▶ EXERCISE
Exclude the pictures, then repeat the remaining data exactly.

--- START ---

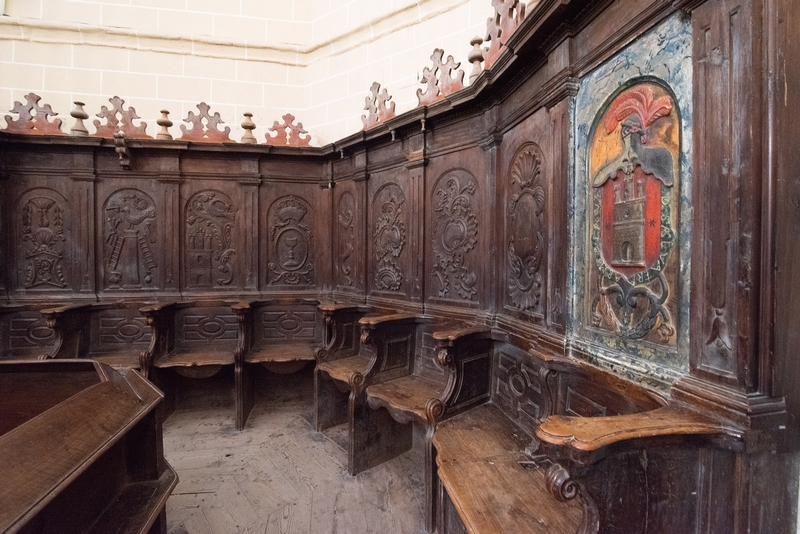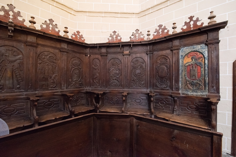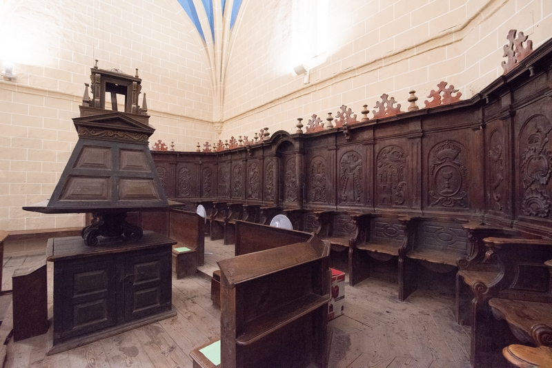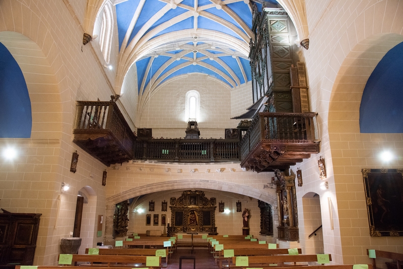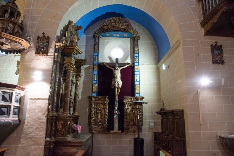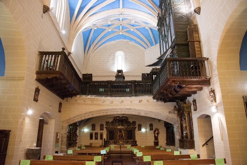 El coro, a los pies, se apoya sobre una arco rebajado.
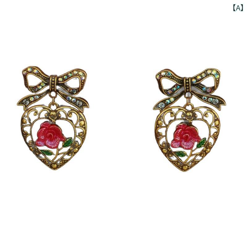 イヤリング レディース ヴィンテージ風 ジルコニア 蝶 ちょうちょ 透かし彫り 花柄 ハート ピンク ローズ かわいい レトロ
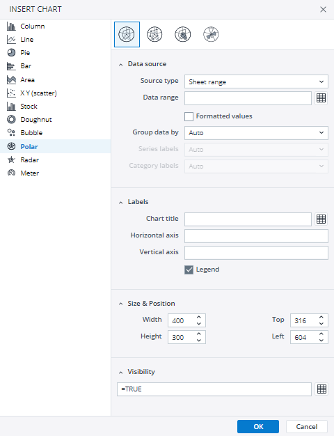 For more information on how to fill the Insert Chart menu, check the article Inserting a Chart.
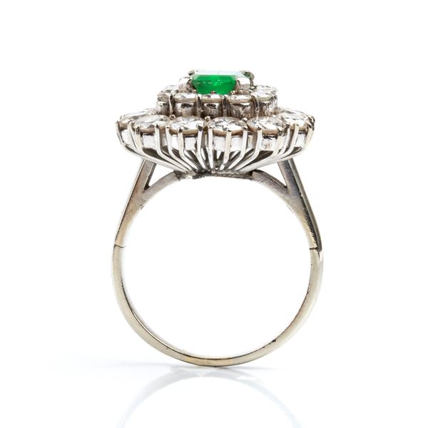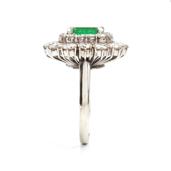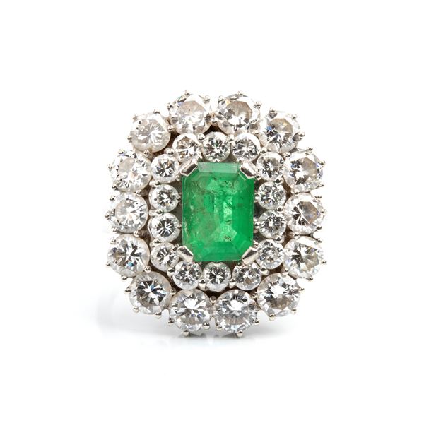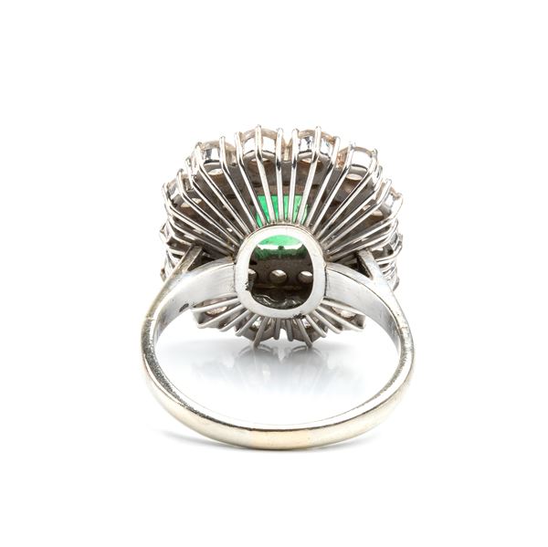 in oro bianco 18k, incastonato con smeraldo tra doppia cornice di diamanti.
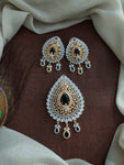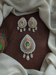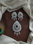 This set is available in multiple colour stone options, allowing you to match it effortlessly with different outfits. It comes in two premium polish variants – a sleek rhodium silver finish for a modern minimal vibe, and a stunning two-tone diamond polish (gold with silver touch) for a richer, festive look.
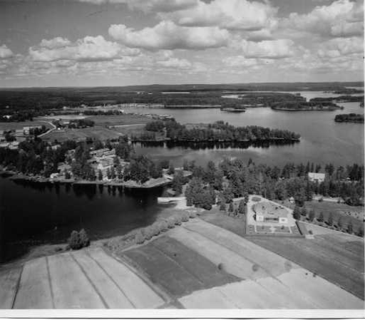 | ilmavalokuva: Ruovesi, Visuvesi, näkymä järvelle, kanava?, asutusta, taustalla Visuvesi Oy?Kuvaaja T |
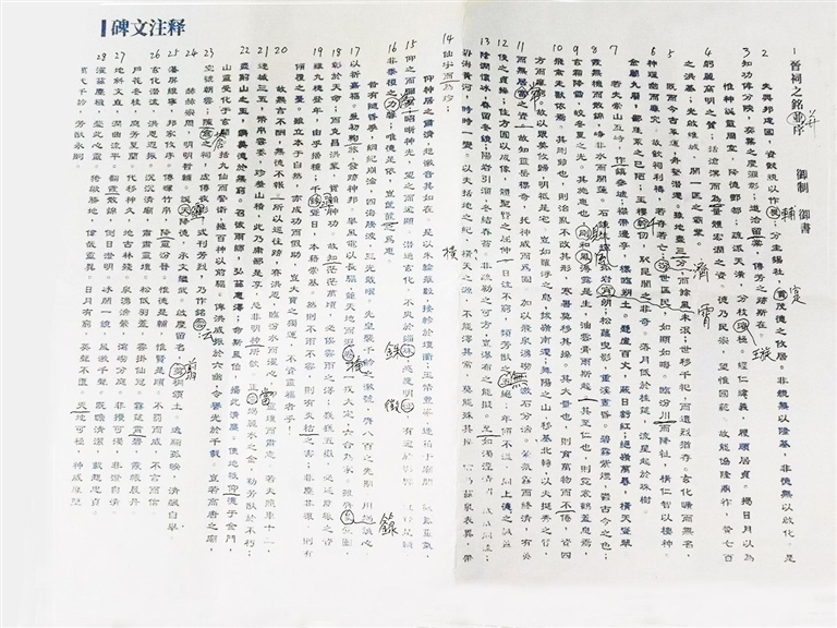 碑文中“资懿亲以作辅”中的“辅”,在注释中变成了“畏”;“玉楼千仞”中的“千”,在注释中变成了“幹”;“则和风溽露是生”中的“则”“风”分别变成了“剛”(刚的繁体字)“鳯”(凤的繁体字)……一一对照,王老师指出该碑文注释中共有21处错误。
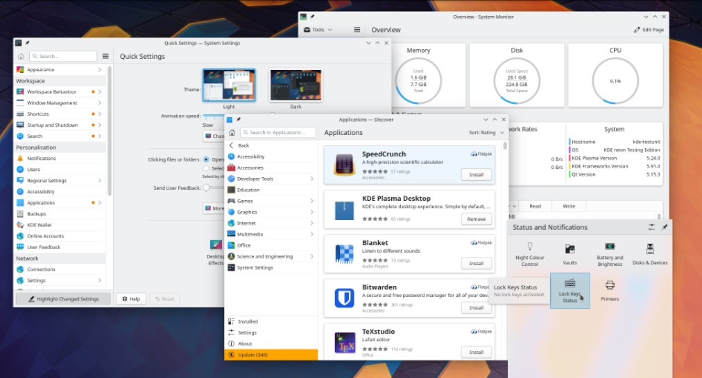 KDE Plasma est livré avec de nombreuses applications intégrées d'un large éventail de genres, y compris les outils de développement, l'éducation, les jeux, les graphiques, le multimédia et d'autres utilitaires de sécurité. Vous pouvez voir toutes les applications disponibles pour KDE Plasma ici.
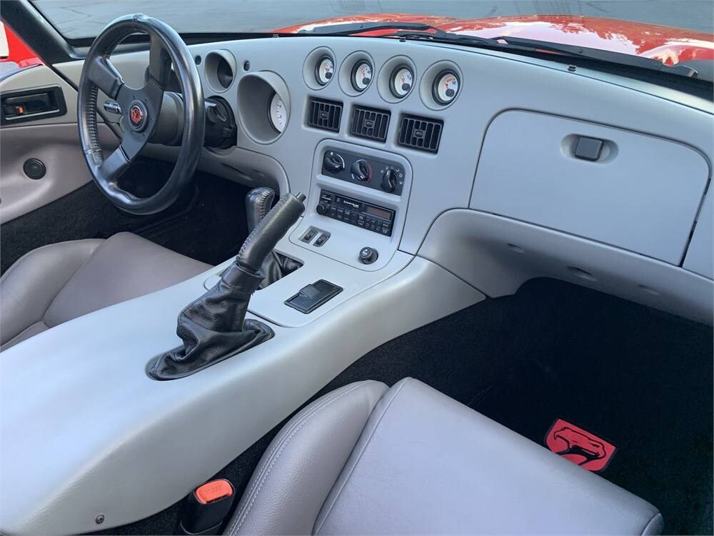 Dodge was conscious of weight minimization when it released the Viper, which is one reason it didn’t offer airbags or air conditioning on early cars. Airbags first appeared in 1996, and this car features ice-cold A/C. The Gray leather upholstery presents as nicely as you might expect when considering the odometer reading. There’s no evidence of wear and no signs of crumbling plastic. The gauges look crisp and clear, and there are no aftermarket additions. As well as A/C, the car features power windows, power locks, a leather-wrapped wheel, and a radio/cassette player.

--- END ---

▶ ANSWER TO THIS TASK
 El coro, a los pies, se apoya sobre una arco rebajado.
 イヤリング レディース ヴィンテージ風 ジルコニア 蝶 ちょうちょ 透かし彫り 花柄 ハート ピンク ローズ かわいい レトロ
 For more information on how to fill the Insert Chart menu, check the article Inserting a Chart.
 in oro bianco 18k, incastonato con smeraldo tra doppia cornice di diamanti.
 This set is available in multiple colour stone options, allowing you to match it effortlessly with different outfits. It comes in two premium polish variants – a sleek rhodium silver finish for a modern minimal vibe, and a stunning two-tone diamond polish (gold with silver touch) for a richer, festive look.
 | ilmavalokuva: Ruovesi, Visuvesi, näkymä järvelle, kanava?, asutusta, taustalla Visuvesi Oy?Kuvaaja T |
 碑文中“资懿亲以作辅”中的“辅”,在注释中变成了“畏”;“玉楼千仞”中的“千”,在注释中变成了“幹”;“则和风溽露是生”中的“则”“风”分别变成了“剛”(刚的繁体字)“鳯”(凤的繁体字)……一一对照,王老师指出该碑文注释中共有21处错误。
 KDE Plasma est livré avec de nombreuses applications intégrées d'un large éventail de genres, y compris les outils de développement, l'éducation, les jeux, les graphiques, le multimédia et d'autres utilitaires de sécurité. Vous pouvez voir toutes les applications disponibles pour KDE Plasma ici.
 Dodge was conscious of weight minimization when it released the Viper, which is one reason it didn’t offer airbags or air conditioning on early cars. Airbags first appeared in 1996, and this car features ice-cold A/C. The Gray leather upholstery presents as nicely as you might expect when considering the odometer reading. There’s no evidence of wear and no signs of crumbling plastic. The gauges look crisp and clear, and there are no aftermarket additions. As well as A/C, the car features power windows, power locks, a leather-wrapped wheel, and a radio/cassette player.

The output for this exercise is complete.